- _Directions_
Copy out the data below from the line containing "Kişiye Özel Gold" to the line containing "Great taste - Pre", both lines included, with all images left out.

━━━━━ Given records ━━━━━

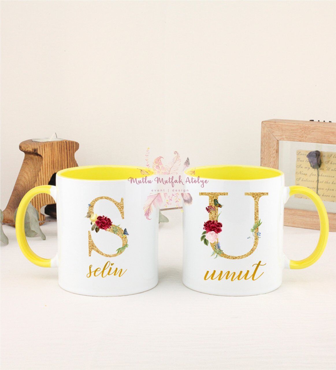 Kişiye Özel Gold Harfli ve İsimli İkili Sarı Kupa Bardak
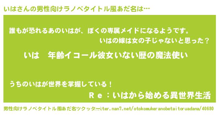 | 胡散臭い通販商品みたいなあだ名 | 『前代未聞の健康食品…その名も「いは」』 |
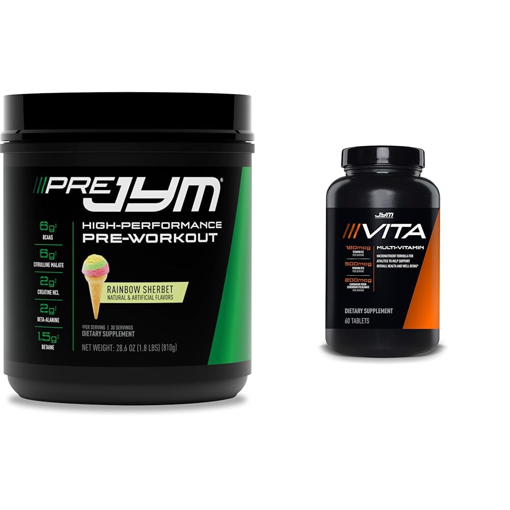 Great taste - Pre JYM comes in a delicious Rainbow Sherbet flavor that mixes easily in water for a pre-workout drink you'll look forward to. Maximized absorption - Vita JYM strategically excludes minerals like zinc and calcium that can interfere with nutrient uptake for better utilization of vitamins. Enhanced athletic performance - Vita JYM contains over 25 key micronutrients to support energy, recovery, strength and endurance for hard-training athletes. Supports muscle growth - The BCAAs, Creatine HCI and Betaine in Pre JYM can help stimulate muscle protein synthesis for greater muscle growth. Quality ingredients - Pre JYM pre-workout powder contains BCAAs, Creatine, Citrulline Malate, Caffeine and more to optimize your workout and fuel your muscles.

━━━━━
━━━━━ Given records ━━━━━

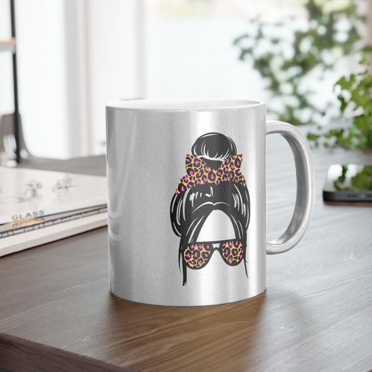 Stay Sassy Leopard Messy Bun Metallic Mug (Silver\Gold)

━━━━━
━━━━━ Given records ━━━━━

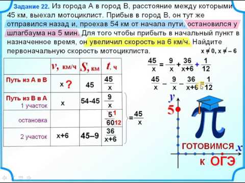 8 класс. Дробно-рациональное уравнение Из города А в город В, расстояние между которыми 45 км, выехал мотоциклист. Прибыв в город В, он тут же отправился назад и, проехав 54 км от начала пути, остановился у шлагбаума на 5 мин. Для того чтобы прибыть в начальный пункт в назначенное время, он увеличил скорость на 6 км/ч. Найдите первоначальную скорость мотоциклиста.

━━━━━

- _Problem solution_
 Kişiye Özel Gold Harfli ve İsimli İkili Sarı Kupa Bardak
 | 胡散臭い通販商品みたいなあだ名 | 『前代未聞の健康食品…その名も「いは」』 |
 Great taste - Pre JYM comes in a delicious Rainbow Sherbet flavor that mixes easily in water for a pre-workout drink you'll look forward to. Maximized absorption - Vita JYM strategically excludes minerals like zinc and calcium that can interfere with nutrient uptake for better utilization of vitamins. Enhanced athletic performance - Vita JYM contains over 25 key micronutrients to support energy, recovery, strength and endurance for hard-training athletes. Supports muscle growth - The BCAAs, Creatine HCI and Betaine in Pre JYM can help stimulate muscle protein synthesis for greater muscle growth. Quality ingredients - Pre JYM pre-workout powder contains BCAAs, Creatine, Citrulline Malate, Caffeine and more to optimize your workout and fuel your muscles.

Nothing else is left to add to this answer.